- _Aim of the task_
Could you retype exactly the lines below between the one holding "படம் 5d: மேட்டுப்பகுதி" and the one holding "Die Naturalprämien des", inclusive, leaving out any pictures?

(Items from a data source)
*-*-*

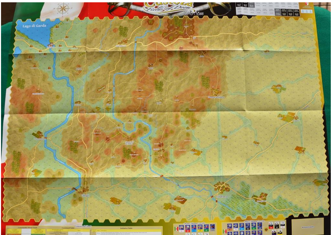
La grande mappa di Custozza.

Le unità impegnate ma non attivate possono però togliere 2 punti di affaticamento alla loro formazione, così come quelle “in marcia” che restano ferme sul posto o quelle in riserva. Le unità troppo affaticate possono perdere di incisività (si lancia un dado e se il valore è uguale o inferiore al livello di fatica raggiunto si piazza un segnalino “Fatigue”) e riceve quindi dei malus nella fase di combattimento.
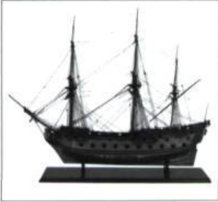
Navire de guerre à 50 canons.

navire, du quai d'embarquement à la cabine du capitaine, en passant par la cuisine, le coin des hommes, celui du chirurgien-apothicaire, l'arsenal, la proue et le gibet, on découvrira quelque 150 objets témoignant de la vie de ces hors-la-loi des mers : vaiselle d'étain, instruments de navigation, armes, figures de proue, coffre de corsaires, etc. Ce faisant, on pourra en apprendre davantage sur tout un panthéon de pirates célèbres ou sur la mutinerie du Saladin, cas illustre au Canada. Jusqu'au 3 janvier 2010. Montréal. Info : 514 872-9150 ou www.pacmusée.qc.ca
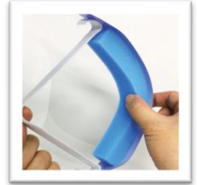
厚みのある スポンジクッション
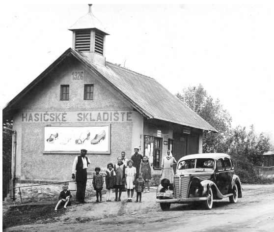
Hasičská zbrojnice – dobová fotografie
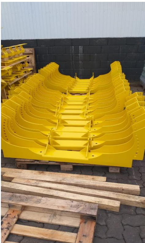
Cavalete de carga com regulagem de altura dos rolos
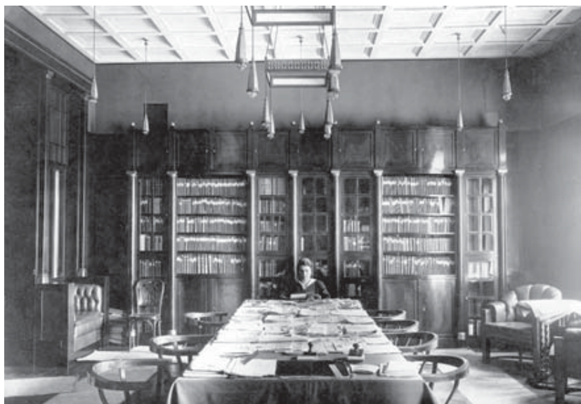
Ilustracja 2. Biblioteka w siedzibie lwowskiej Izby Handlowej i Przemysłowej przy ulicach Akademickiej i Boularda (1926 rok)
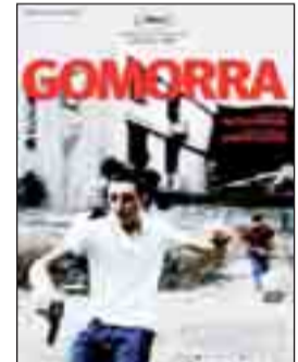
GOMORRA. Dir. Matteo Garrone. Int. Toni Servillo, Gianfelice Imparato, Maria Nazionale. Drama.
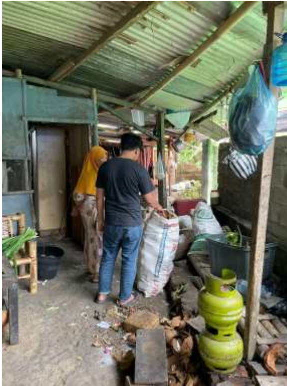
Lampiran 1. Proses pencarian batok kelapa
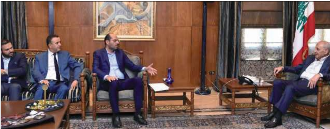
بري مستقبلاً مراد بحضور بيضون في عين التينة أمس

استقبل رئيس مجلس النواب نبيه بري في مقر الرئاسة الثانية في عين التينة، رئيس لجنة التربية والتعليم العالي النيابية النائب حسن مراد، في حضور عضو كتلة «التنمية والتحرير» النائب الدكتور أشرف بيضون، وجسرى البحث في شؤون تشريعية وقضايا تربية.
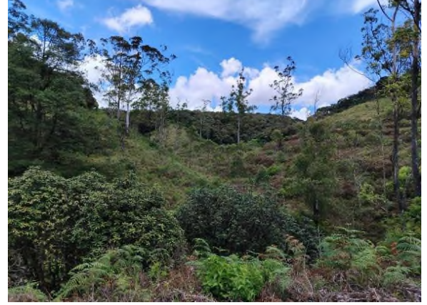
படம் 5d: மேட்டுப்பகுதி வனப்பகுதியில் மகா-ரத்மல் போன்ற அகணியத் தாவரங்கள் காணப்பட்டன.
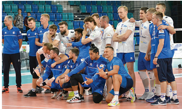
Ślepsk Malow Suwałki w nowym składzie ze sztabem szkoleniowym
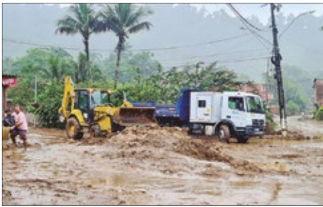
Fortes chuvas devastaram o Bracuí em 2023
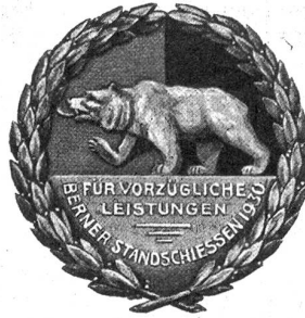
Kranzabzeichen. Lieferant: Huguenin, Le Voele.

Die Naturalprämien des Berner Standsschießens, 29. Mai bis 2. Juni 1930.
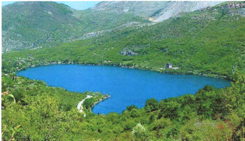
Lago di Scanno (AQ)
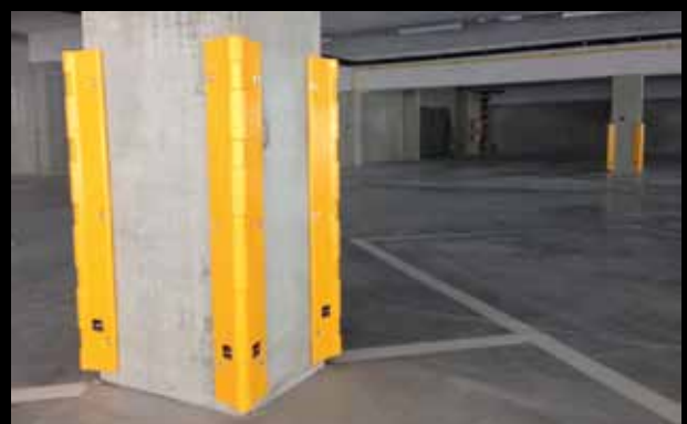
► Protector PCP / Säulenschutz
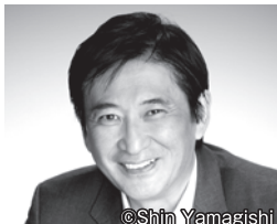
指揮 藤岡幸夫 Sachio Fujioka

英国王立ノーザン音大指揮科卒業。1994年「プロムス」にBBCフィルを指揮してデビュー以降、多くの海外オーケストラに客演。首席指揮者を務める関西フィルとは2020年に21年目のシーズンを迎え、2019年4月には東京シティ・フィル首席客演指揮者にも就任した。指揮・司会として関西フィルと共に出演中のBSテレ東『エンター・ザ・ミュージック』（毎週土曜朝8:30-）は番組開始から6年目、放送も300回に迫る。2002年渡邊暁雄音楽基金音楽賞受賞。

*-*-*

- _Worked solution_
படம் 5d: மேட்டுப்பகுதி வனப்பகுதியில் மகா-ரத்மல் போன்ற அகணியத் தாவரங்கள் காணப்பட்டன.
Ślepsk Malow Suwałki w nowym składzie ze sztabem szkoleniowym
Fortes chuvas devastaram o Bracuí em 2023
Kranzabzeichen. Lieferant: Huguenin, Le Voele.

Die Naturalprämien des Berner Standsschießens, 29. Mai bis 2. Juni 1930.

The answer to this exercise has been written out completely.